◆ Problem statement ◆
Repeat the listing exactly. The images do not belong in the copy.

◆ Dataset records ◆
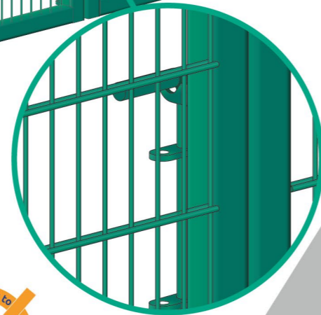
Padlockable Drop Bolt Detail
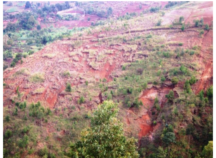
Eroded sloping land at Bushushu

In the absence of any external intervention, Landcare has developed within the community and is a core feature of Patrick's GERI.
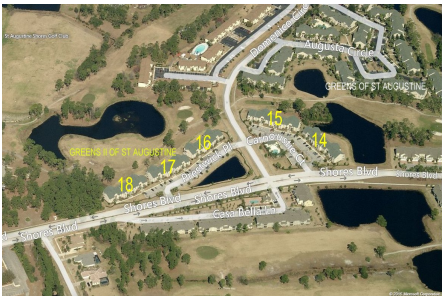
Built in 2004 - 68 units - 2 floors
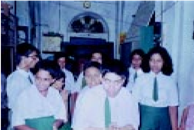
Inmates at Anuradha, Kolkata

◆ Response to this exercise ◆
Padlockable Drop Bolt Detail
Eroded sloping land at Bushushu

In the absence of any external intervention, Landcare has developed within the community and is a core feature of Patrick's GERI.
Built in 2004 - 68 units - 2 floors
Inmates at Anuradha, Kolkata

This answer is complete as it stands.